So says Leviticus 17:11. Everyone knows that we must have enough blood flowing around our body or else our bodily functions deteriorate and we die. Yet for a long time the exact function of blood was little understood. In what ways has modern science shown Leviticus 17:11 to be true?
Blood is fundamental to the function of every cell of every component in our bodies. Cells need food to survive, grow, repair themselves and to fulfill their specific functions, and, to reproduce. Cellular food is transported in blood to provide energy for all the cells’ needs. As humans are multicellular organisms, having separate specialized organs with highly sophisticated functions, transport and communication between these structures is essential.
Do the cells of the body tell the blood how it should work? No. Does the blood carry around everything possible just in case? No. The cells and the blood work together to provide optimum conditions for correct functioning of all the cells—with their different requirements—in all the tissues and organs of the whole body, including the cells of the blood itself.

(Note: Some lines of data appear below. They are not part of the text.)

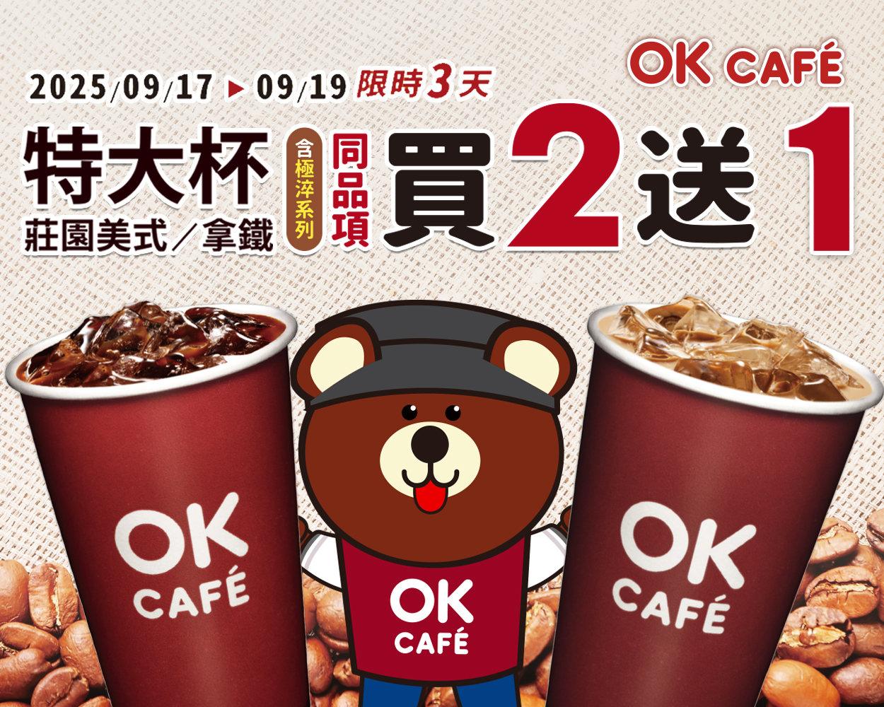 ▼OKmart連3天,特大杯莊園美式、特大杯莊園拿鐵,通通「買2送1」。(圖/翻攝《OK mart》官網)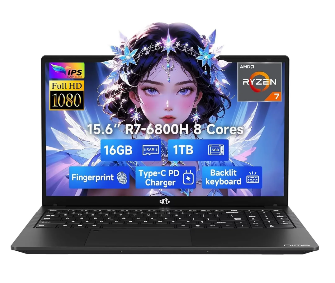 15.6″ IPS FHD-Gaming-Laptop 8 Cores AMD Ryzen 7 6800H 16GB DDR5 RAM 1TB SSD (Beat Intel i7-12700H Up to 4.7GHz) AMD Radeon 680M GPU-Computer with 100W Type-C Backlit Keyboard Fingerprint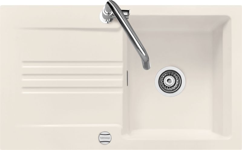 Hinweis: ist auf der oben stehenden Produktabbildung auf der Spüle ein runder Drehknebel zu sehen, handelt es sich um die Version mit Excenter-Betätigung. Eine eventuell abgebildete Armatur gehört nicht zum Lieferumfang.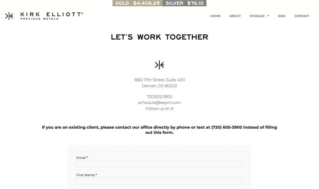 Kirk Elliott Precious Metals (KEPM) opened its doors on September 20, 2013, in Denver, Colorado. The company has now operated for over 12 years, serving clients across all 50 states from their headquarters at 1660 17th Street, Suite 400.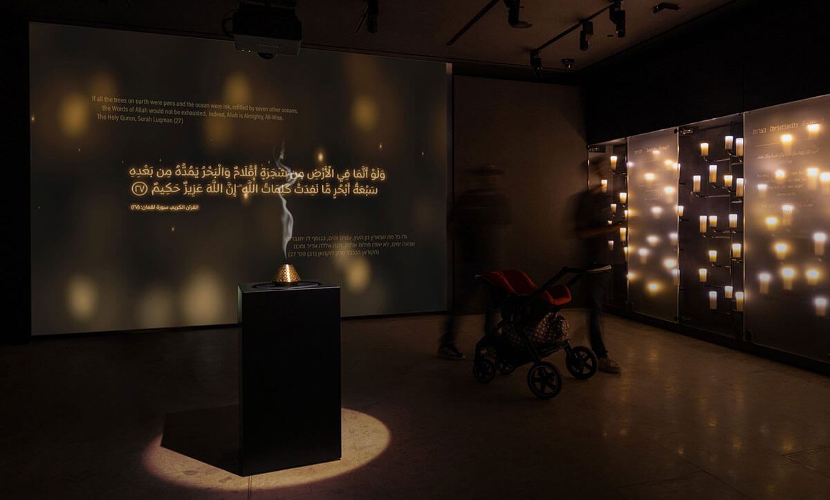 Des espaces de réflexion et de calme sont juxtaposés à des installations multimédias présentant l’étendue de la vie religieuse se servant de la lumière afin de faire le lien entre les espaces mais également en tant qu’élément important dans chacune des différentes religion.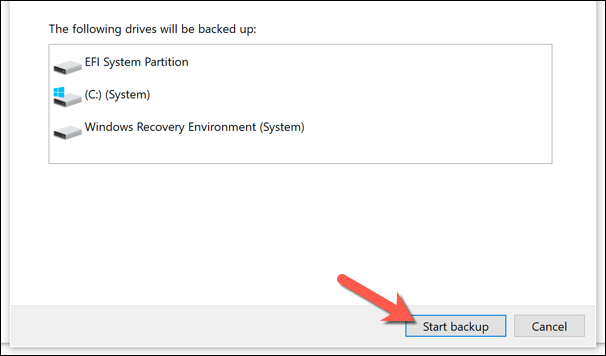 - Windows will confirm the partitions on your drive that will be copied to the new system image. Select **Start backup** to begin.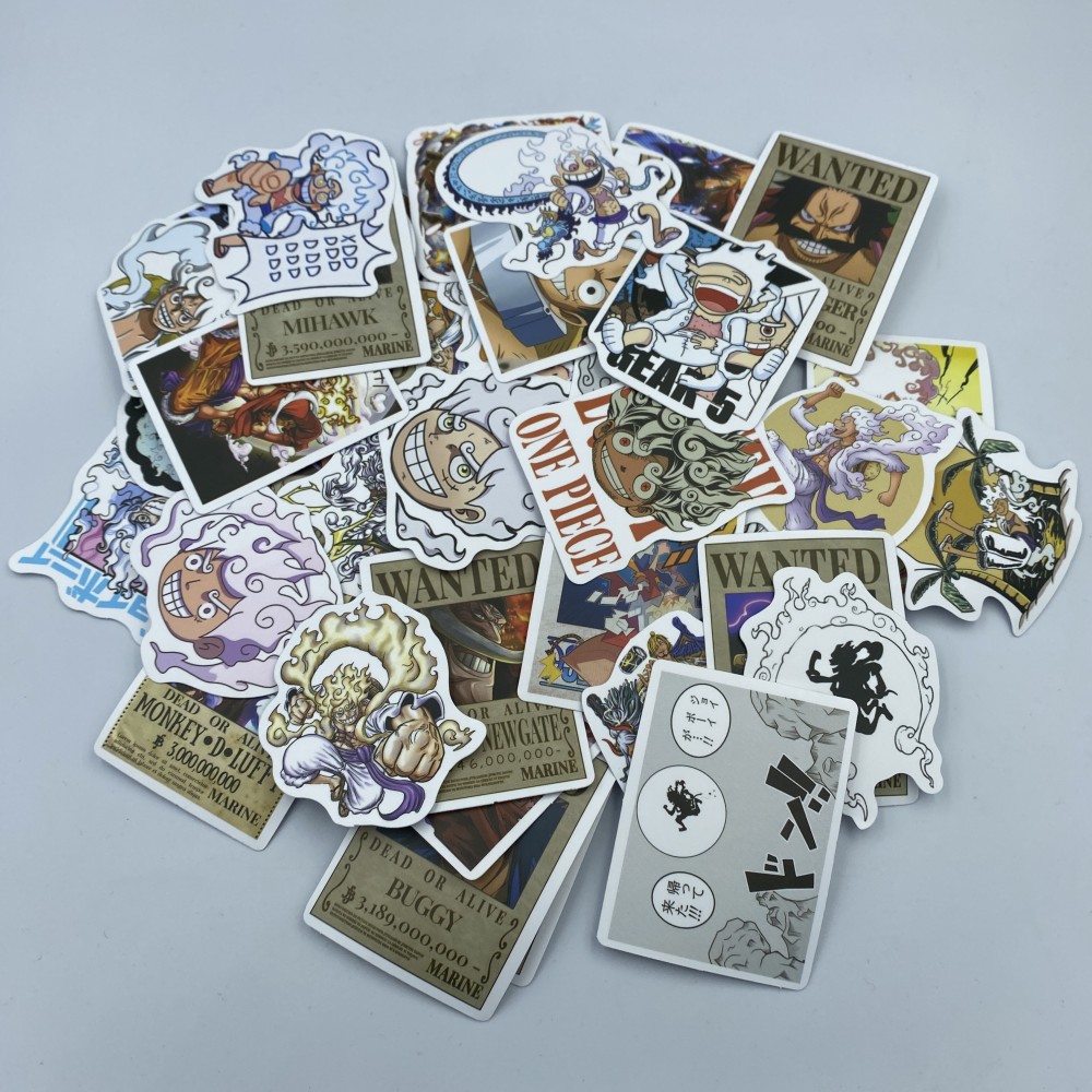 ملصقات أنمي ون بيس تأتي مجموعة 50 ملصق غير متكرر ضد الموية الخفيفة ولا تترك أثر عند إزالتها وتتراوح أحجام الملصقات من 3 إلى 7 سم.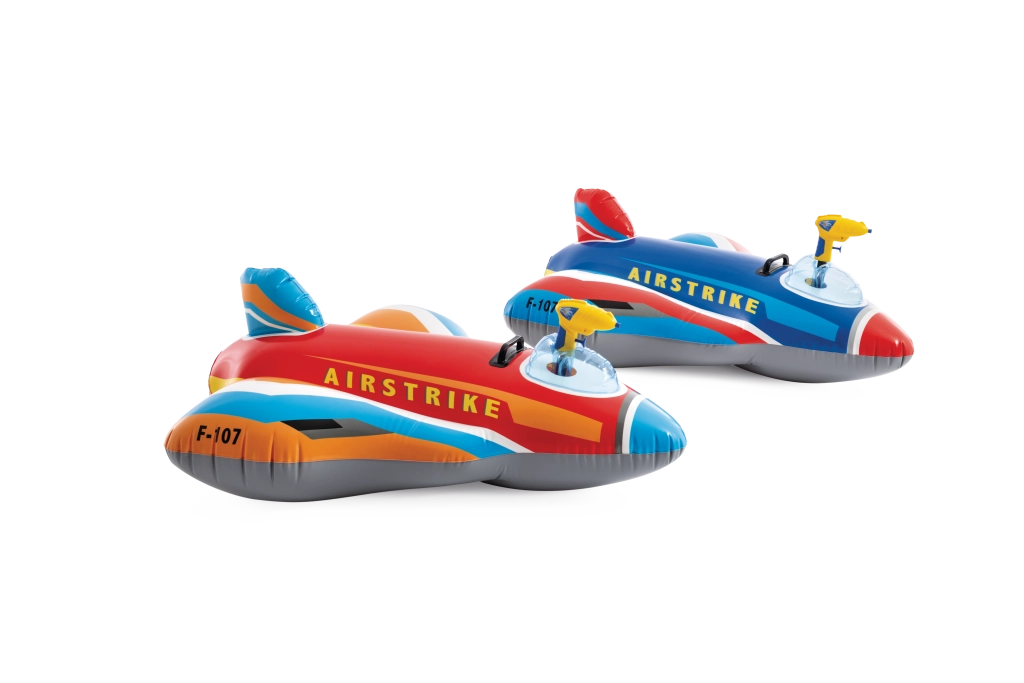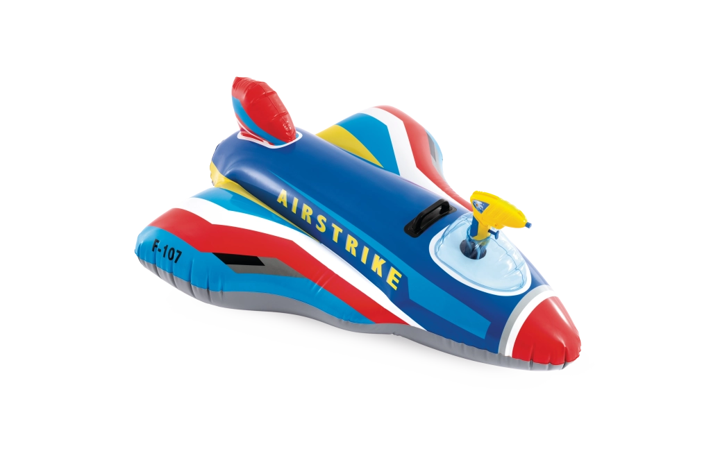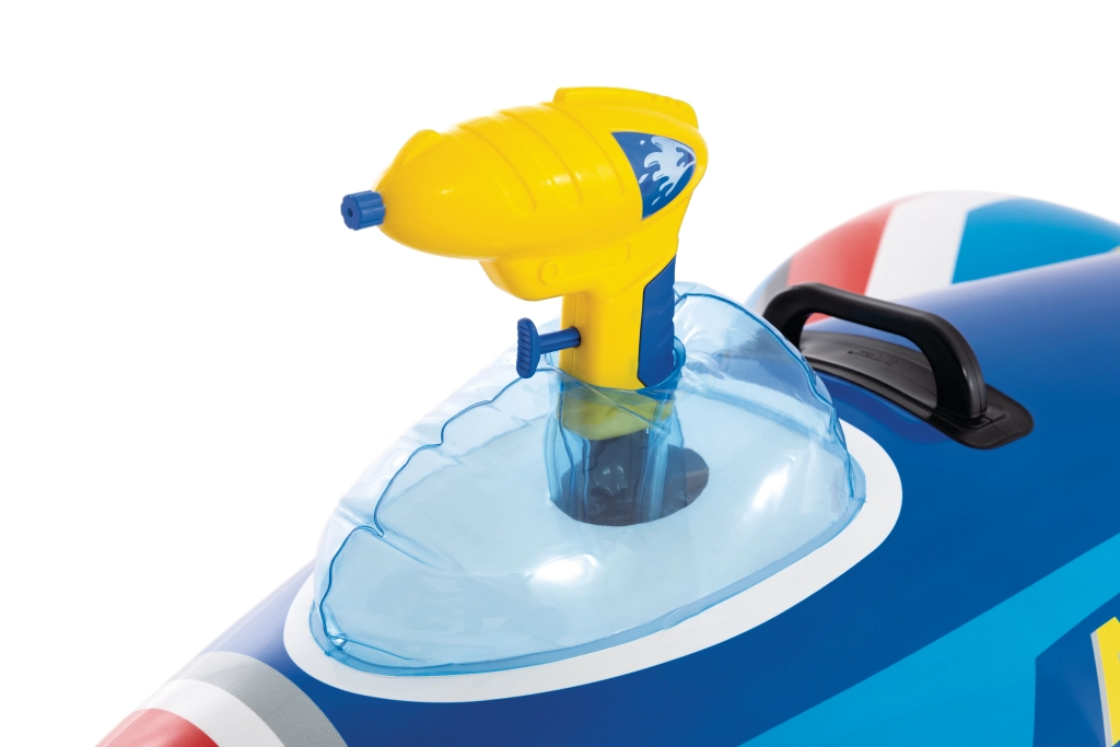 Der aufblasbare Jet AIRSTRIKE F-107 verwandelt jeden Pool in einen actiongeladenen Flugplatz. Dank der breiten Flügel und des Heckstabilisators ist er sehr stabil und für jüngere Kinder bequem. Die integrierte Wasserpistole im Cockpit ermöglicht einfaches Spritzen und sorgt für endlosen Spaß.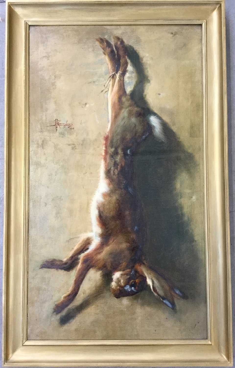"Cacciagione" 1906, olio su tela (cm 105x60) Firmato e datato in alto a sinistra. In cornice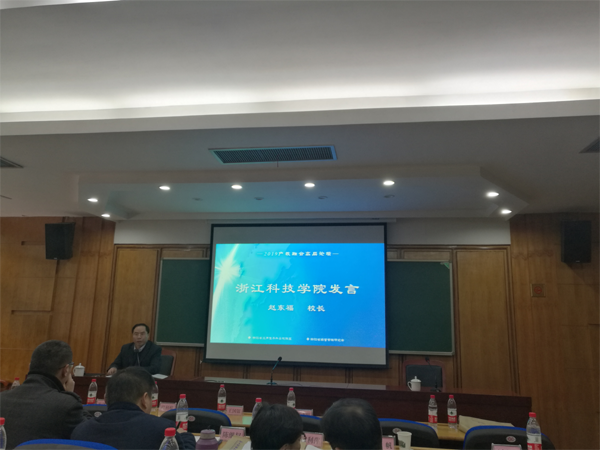 1月12日,“产教融合高层论坛”暨浙江省应用型本科高校联盟第二届理事长会议举行,赵东福出席会议并作主题发言。在本届理事长会议上,我校被推选为浙江省应用型本科高校联盟第二任理事长主席单位,任期为2019-2020年。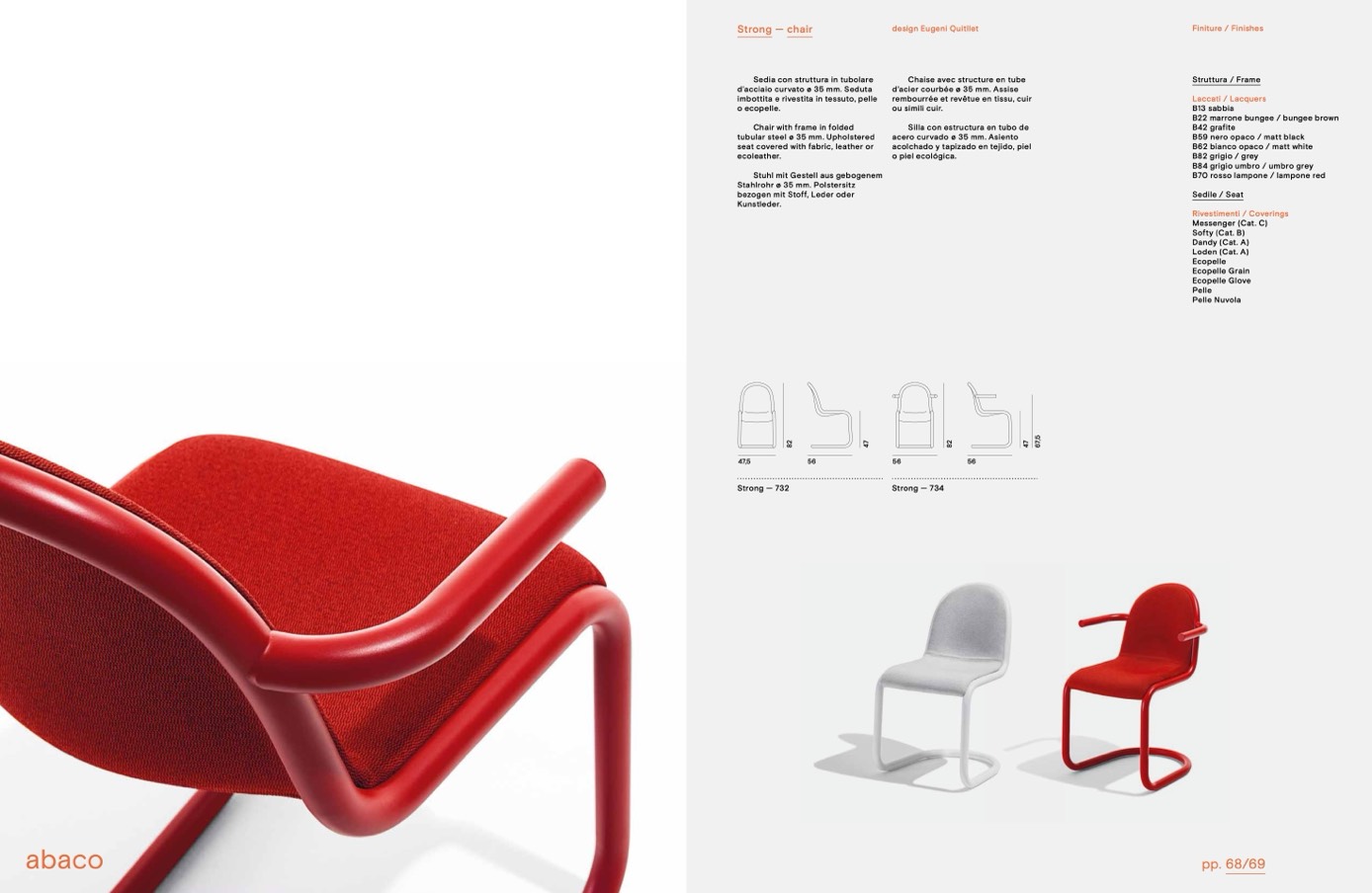 d’acciaio curvato ø 35 mm. Seduta

Blood provides this coordinated environment by regulating acidity/alkalinity (pH), providing oxygen (and removing carbon dioxide and other waste products), and carrying essential vitamins and minerals. Also, blood has to be in the right places at the right times, at the right temperature and pressure, and it carries regulatory messages between organs via blood ‘messengers’ called hormones. All this is organized within very specific limits—straying outside these (through injury, disease, toxins, etc.) rapidly reduces functionality.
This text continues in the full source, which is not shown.